### HOW TO COMPLETE THIS TASK
Please reproduce the records exactly, leaving out any pictures.
┌────────
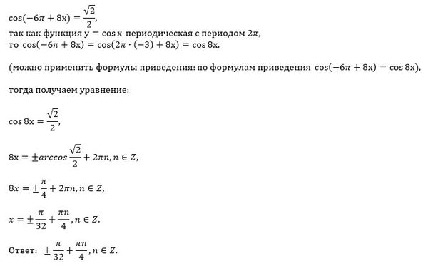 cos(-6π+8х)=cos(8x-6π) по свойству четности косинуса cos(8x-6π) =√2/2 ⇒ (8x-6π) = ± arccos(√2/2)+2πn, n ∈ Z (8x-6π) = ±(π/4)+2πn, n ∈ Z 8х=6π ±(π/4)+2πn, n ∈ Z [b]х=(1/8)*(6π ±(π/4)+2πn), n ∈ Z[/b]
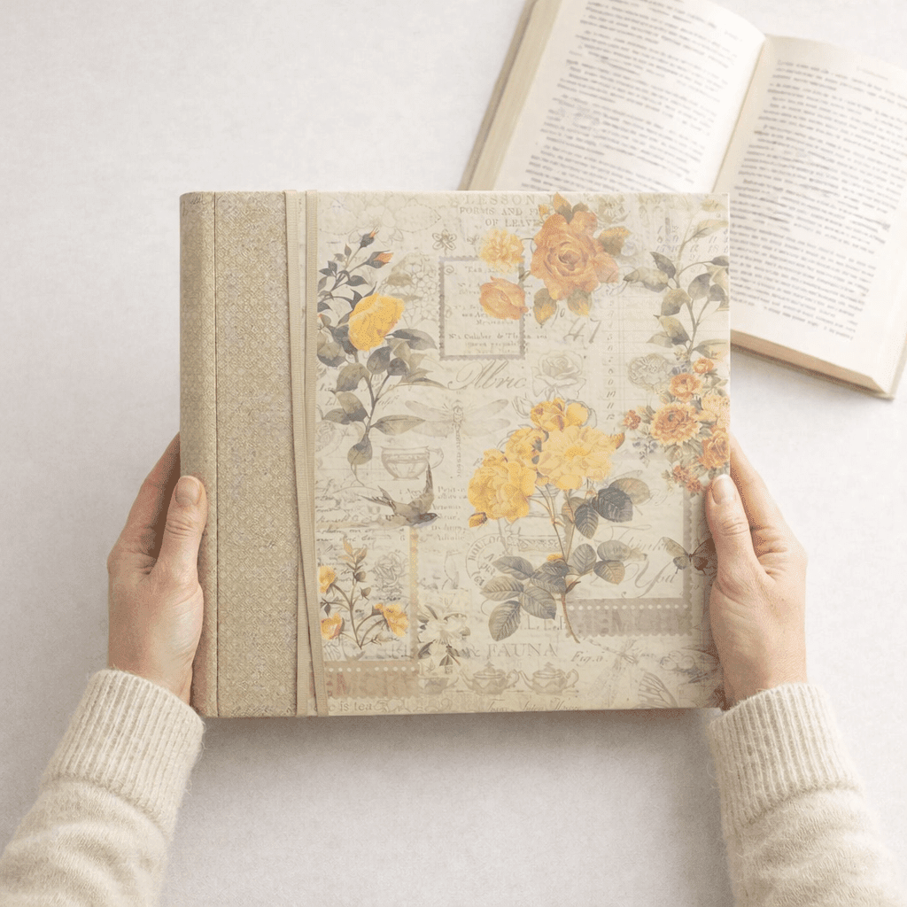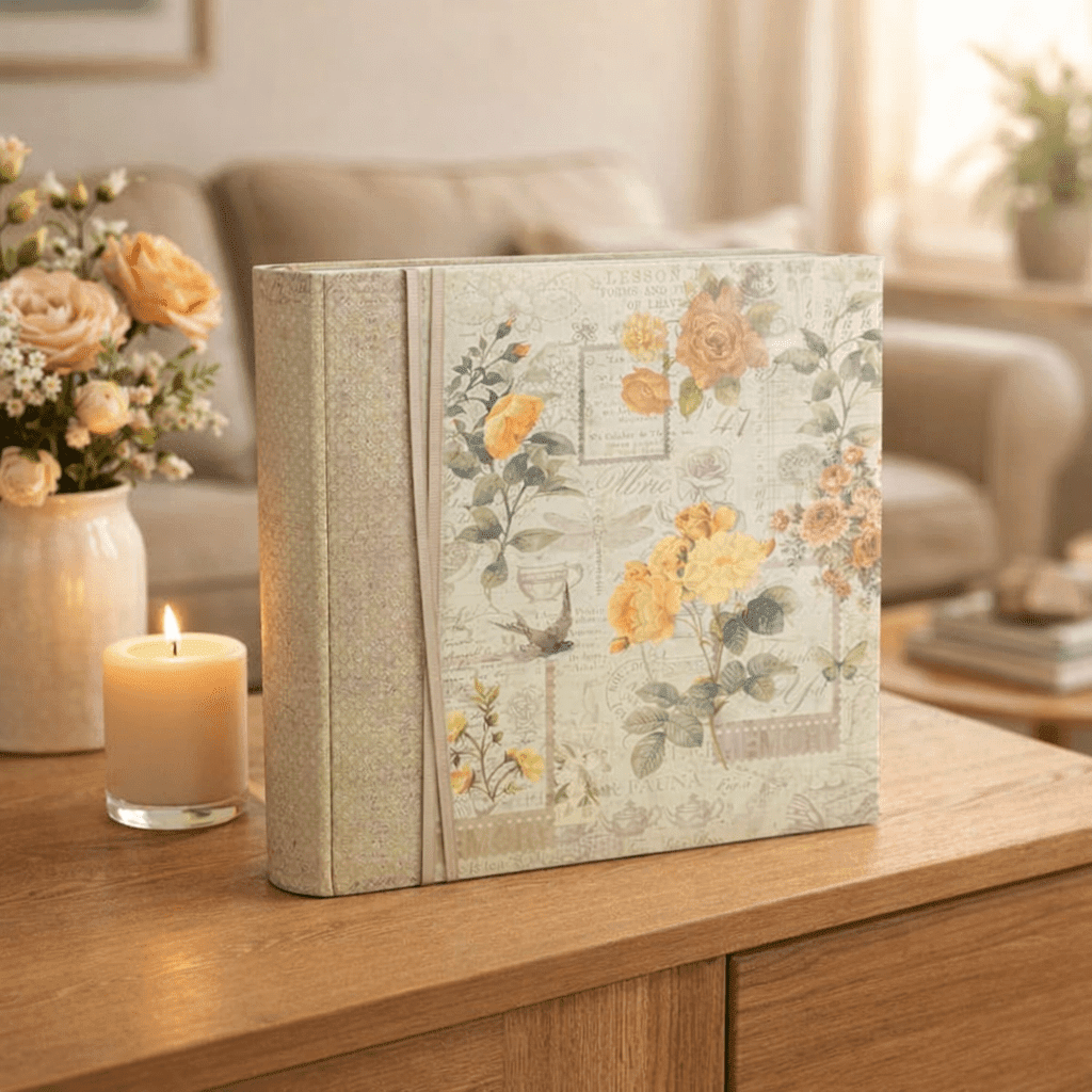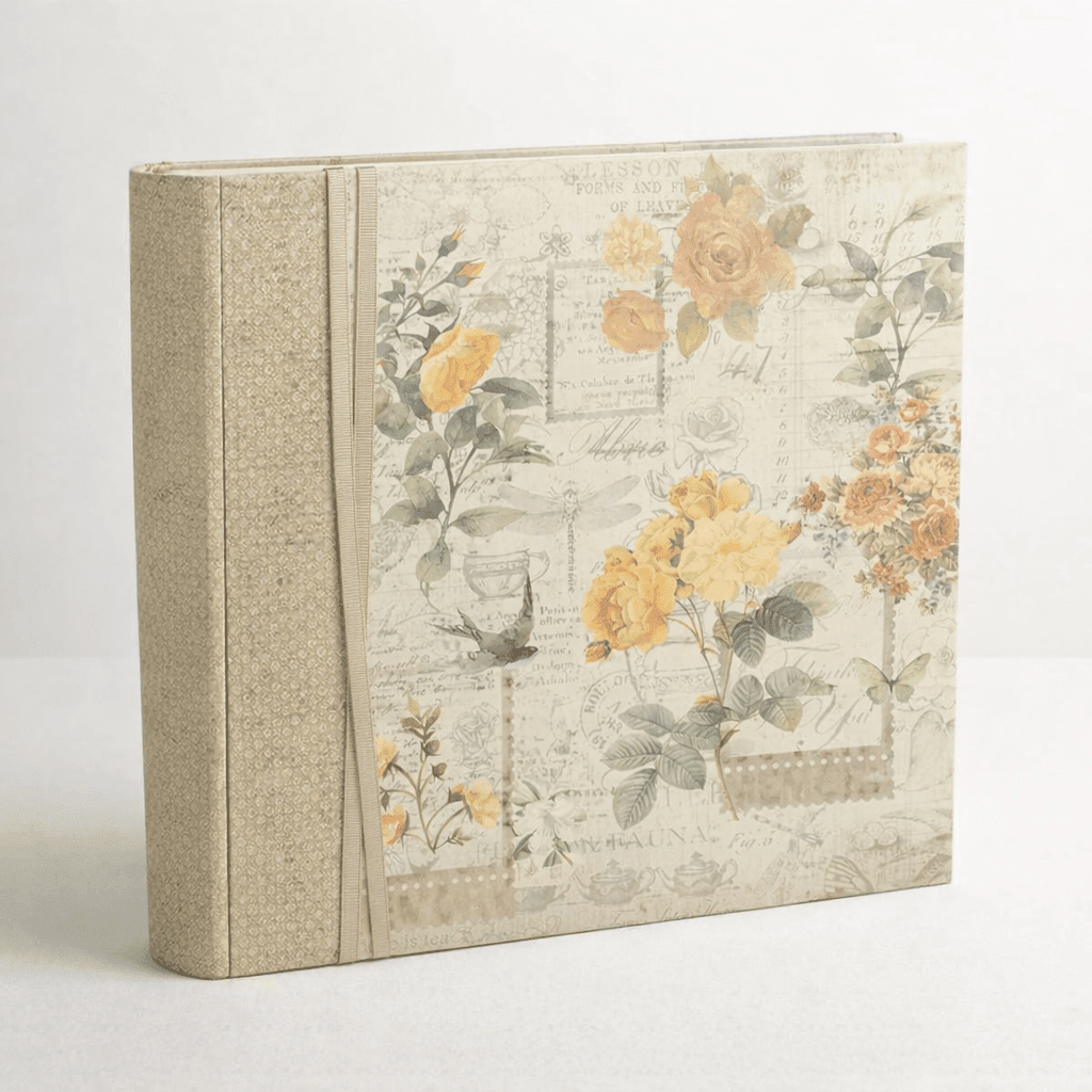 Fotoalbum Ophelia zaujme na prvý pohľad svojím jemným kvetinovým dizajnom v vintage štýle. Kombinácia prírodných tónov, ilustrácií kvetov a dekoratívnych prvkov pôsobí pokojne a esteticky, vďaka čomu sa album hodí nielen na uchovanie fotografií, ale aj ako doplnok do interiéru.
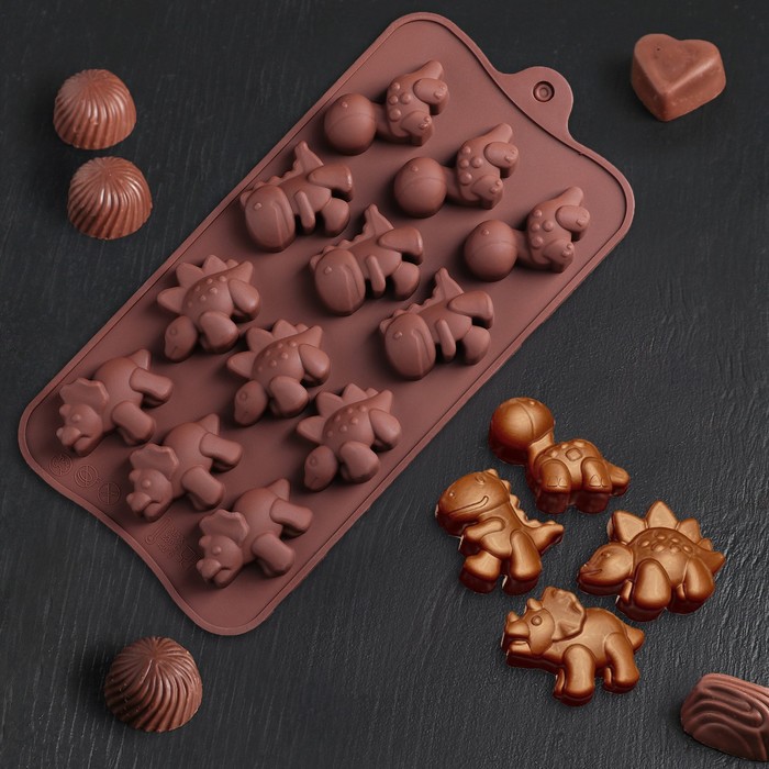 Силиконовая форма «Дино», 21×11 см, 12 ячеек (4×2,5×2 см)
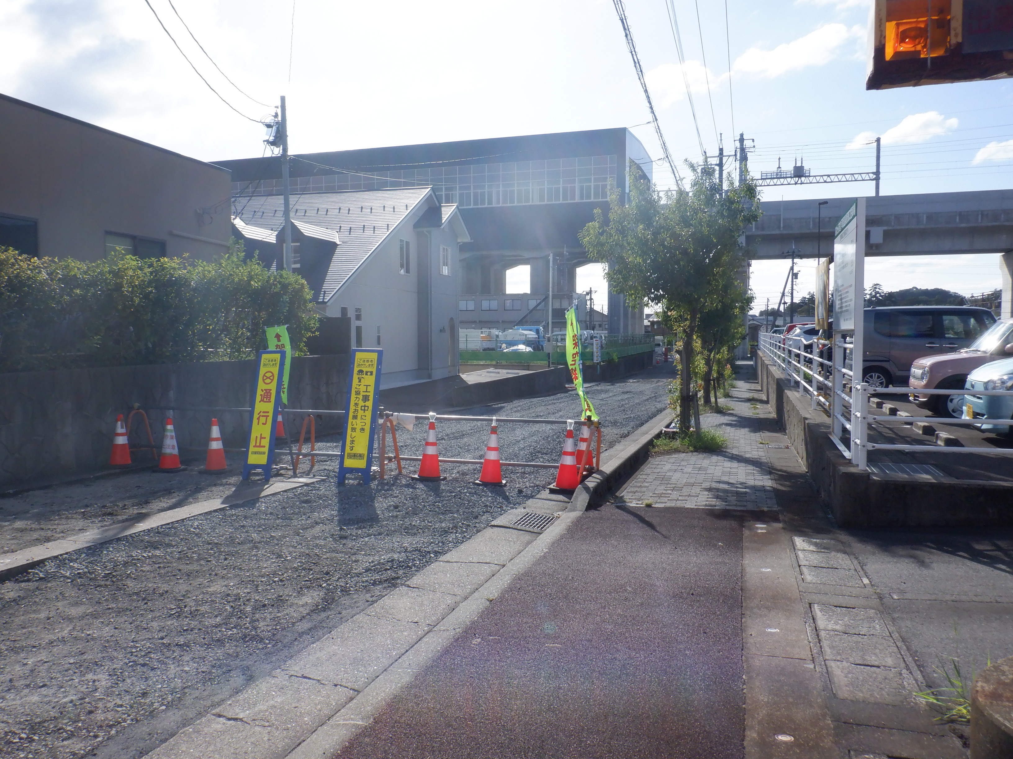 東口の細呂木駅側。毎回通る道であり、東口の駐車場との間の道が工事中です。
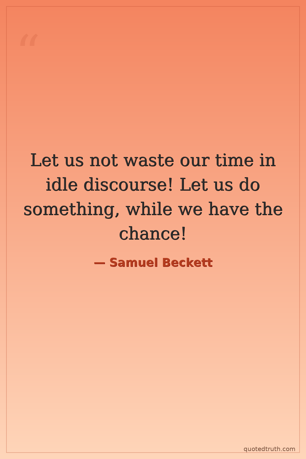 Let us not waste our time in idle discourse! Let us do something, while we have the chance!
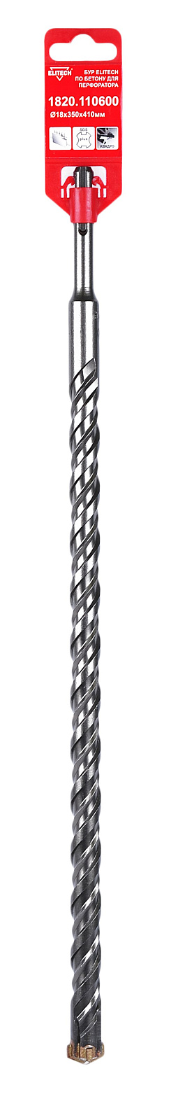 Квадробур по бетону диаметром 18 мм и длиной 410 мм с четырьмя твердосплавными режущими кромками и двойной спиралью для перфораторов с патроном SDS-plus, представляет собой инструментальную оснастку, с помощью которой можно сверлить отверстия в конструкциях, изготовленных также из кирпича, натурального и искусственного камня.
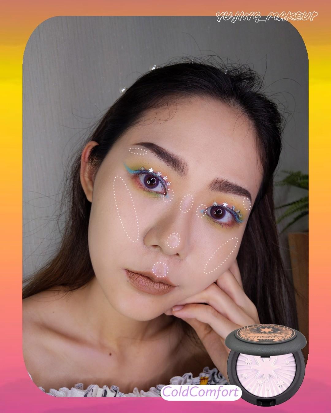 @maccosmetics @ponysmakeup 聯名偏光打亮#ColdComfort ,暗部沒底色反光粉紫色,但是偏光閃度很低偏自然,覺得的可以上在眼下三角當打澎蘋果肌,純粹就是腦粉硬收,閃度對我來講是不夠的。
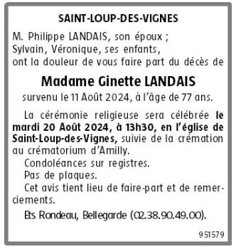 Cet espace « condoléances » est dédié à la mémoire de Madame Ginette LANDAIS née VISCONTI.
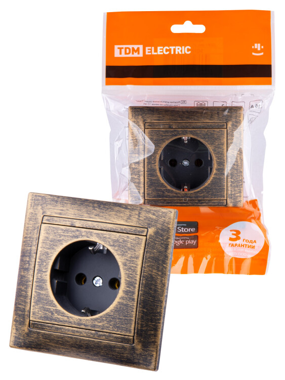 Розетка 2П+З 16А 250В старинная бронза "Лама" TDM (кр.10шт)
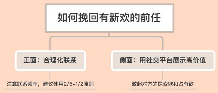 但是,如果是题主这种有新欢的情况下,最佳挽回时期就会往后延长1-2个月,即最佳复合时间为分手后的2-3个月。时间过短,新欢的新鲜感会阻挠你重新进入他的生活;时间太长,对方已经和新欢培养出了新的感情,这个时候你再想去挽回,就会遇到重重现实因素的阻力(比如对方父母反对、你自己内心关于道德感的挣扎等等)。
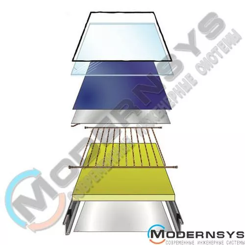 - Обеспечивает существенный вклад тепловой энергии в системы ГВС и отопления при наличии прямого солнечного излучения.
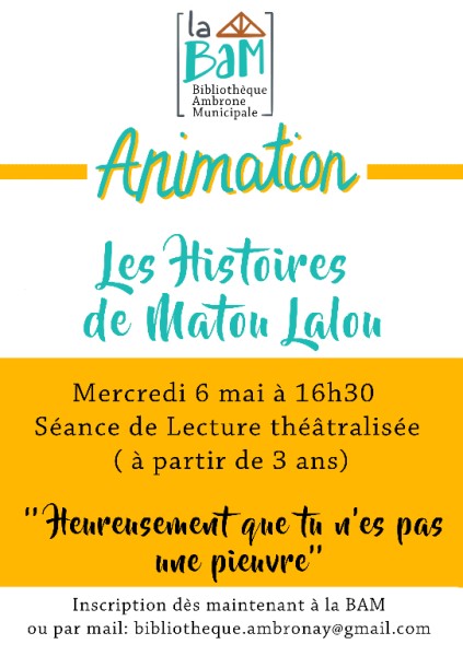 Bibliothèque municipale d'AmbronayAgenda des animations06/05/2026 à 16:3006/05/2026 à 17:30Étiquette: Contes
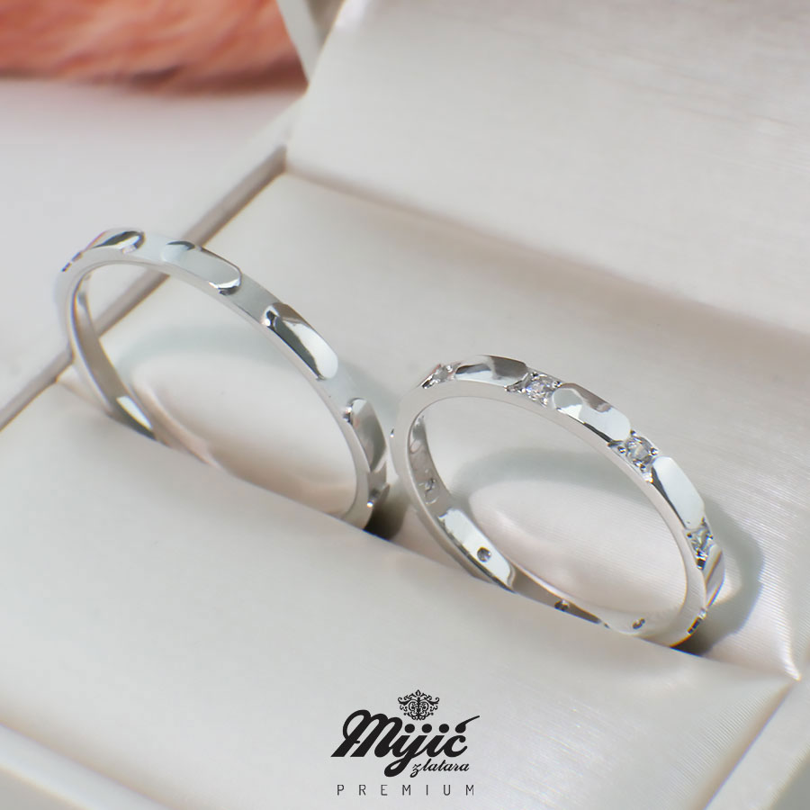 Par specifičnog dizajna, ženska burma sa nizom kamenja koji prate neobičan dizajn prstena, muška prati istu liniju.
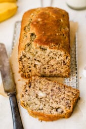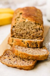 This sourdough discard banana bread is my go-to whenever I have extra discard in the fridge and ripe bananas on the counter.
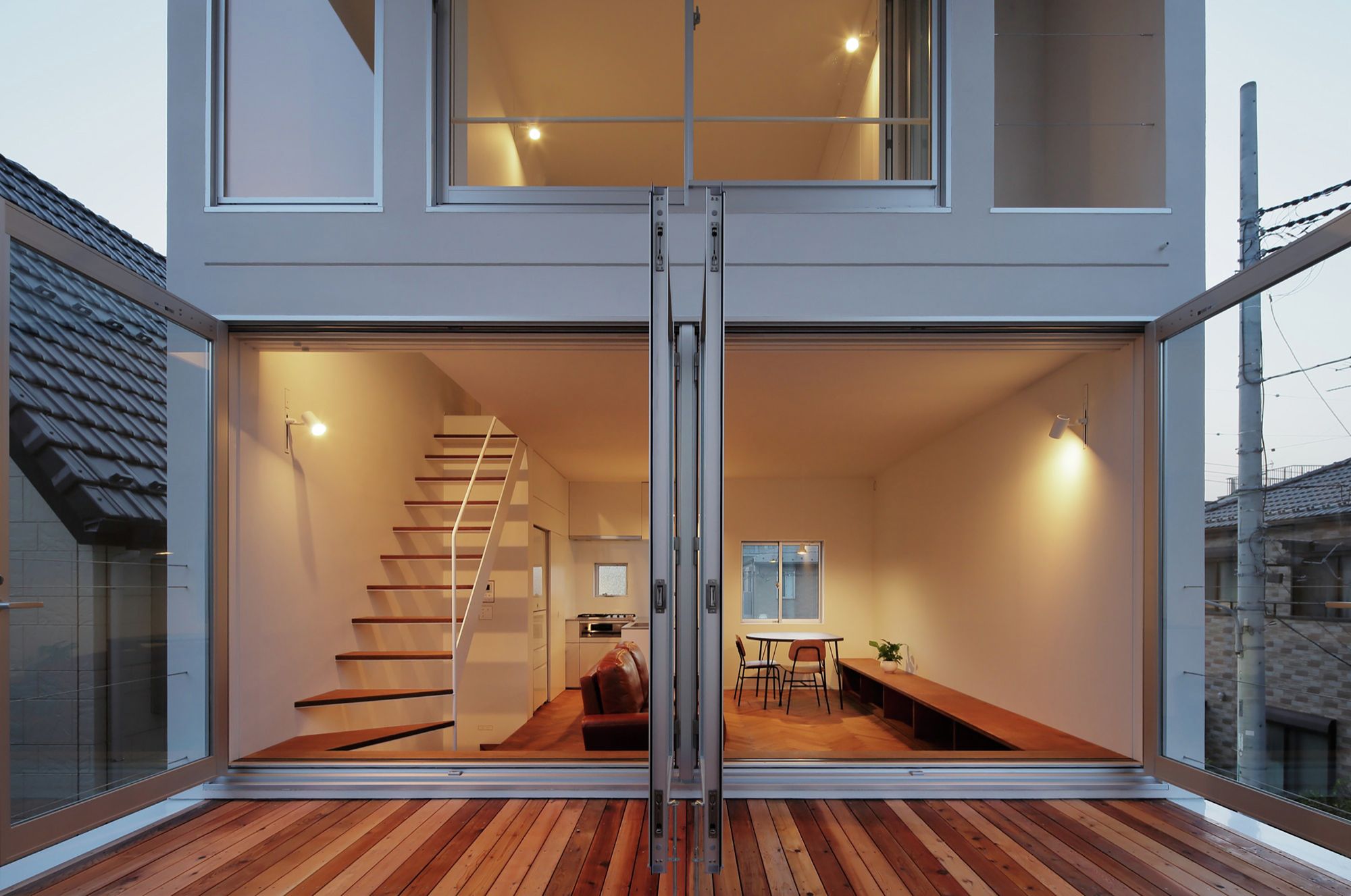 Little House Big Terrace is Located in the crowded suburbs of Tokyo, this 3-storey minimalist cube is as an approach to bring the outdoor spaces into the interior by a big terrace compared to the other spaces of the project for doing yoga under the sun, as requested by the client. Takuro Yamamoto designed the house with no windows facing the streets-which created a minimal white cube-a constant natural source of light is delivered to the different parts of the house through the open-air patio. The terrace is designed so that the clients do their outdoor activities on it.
└────────
### FINISHED EXERCISE
 cos(-6π+8х)=cos(8x-6π) по свойству четности косинуса cos(8x-6π) =√2/2 ⇒ (8x-6π) = ± arccos(√2/2)+2πn, n ∈ Z (8x-6π) = ±(π/4)+2πn, n ∈ Z 8х=6π ±(π/4)+2πn, n ∈ Z [b]х=(1/8)*(6π ±(π/4)+2πn), n ∈ Z[/b]
 Fotoalbum Ophelia zaujme na prvý pohľad svojím jemným kvetinovým dizajnom v vintage štýle. Kombinácia prírodných tónov, ilustrácií kvetov a dekoratívnych prvkov pôsobí pokojne a esteticky, vďaka čomu sa album hodí nielen na uchovanie fotografií, ale aj ako doplnok do interiéru.
 Силиконовая форма «Дино», 21×11 см, 12 ячеек (4×2,5×2 см)
 東口の細呂木駅側。毎回通る道であり、東口の駐車場との間の道が工事中です。
 Let us not waste our time in idle discourse! Let us do something, while we have the chance!
 Квадробур по бетону диаметром 18 мм и длиной 410 мм с четырьмя твердосплавными режущими кромками и двойной спиралью для перфораторов с патроном SDS-plus, представляет собой инструментальную оснастку, с помощью которой можно сверлить отверстия в конструкциях, изготовленных также из кирпича, натурального и искусственного камня.
 @maccosmetics @ponysmakeup 聯名偏光打亮#ColdComfort ,暗部沒底色反光粉紫色,但是偏光閃度很低偏自然,覺得的可以上在眼下三角當打澎蘋果肌,純粹就是腦粉硬收,閃度對我來講是不夠的。
 Cet espace « condoléances » est dédié à la mémoire de Madame Ginette LANDAIS née VISCONTI.
 Розетка 2П+З 16А 250В старинная бронза "Лама" TDM (кр.10шт)
 但是,如果是题主这种有新欢的情况下,最佳挽回时期就会往后延长1-2个月,即最佳复合时间为分手后的2-3个月。时间过短,新欢的新鲜感会阻挠你重新进入他的生活;时间太长,对方已经和新欢培养出了新的感情,这个时候你再想去挽回,就会遇到重重现实因素的阻力(比如对方父母反对、你自己内心关于道德感的挣扎等等)。
 - Обеспечивает существенный вклад тепловой энергии в системы ГВС и отопления при наличии прямого солнечного излучения.
 Bibliothèque municipale d'AmbronayAgenda des animations06/05/2026 à 16:3006/05/2026 à 17:30Étiquette: Contes
 Par specifičnog dizajna, ženska burma sa nizom kamenja koji prate neobičan dizajn prstena, muška prati istu liniju.
 This sourdough discard banana bread is my go-to whenever I have extra discard in the fridge and ripe bananas on the counter.
 Little House Big Terrace is Located in the crowded suburbs of Tokyo, this 3-storey minimalist cube is as an approach to bring the outdoor spaces into the interior by a big terrace compared to the other spaces of the project for doing yoga under the sun, as requested by the client. Takuro Yamamoto designed the house with no windows facing the streets-which created a minimal white cube-a constant natural source of light is delivered to the different parts of the house through the open-air patio. The terrace is designed so that the clients do their outdoor activities on it.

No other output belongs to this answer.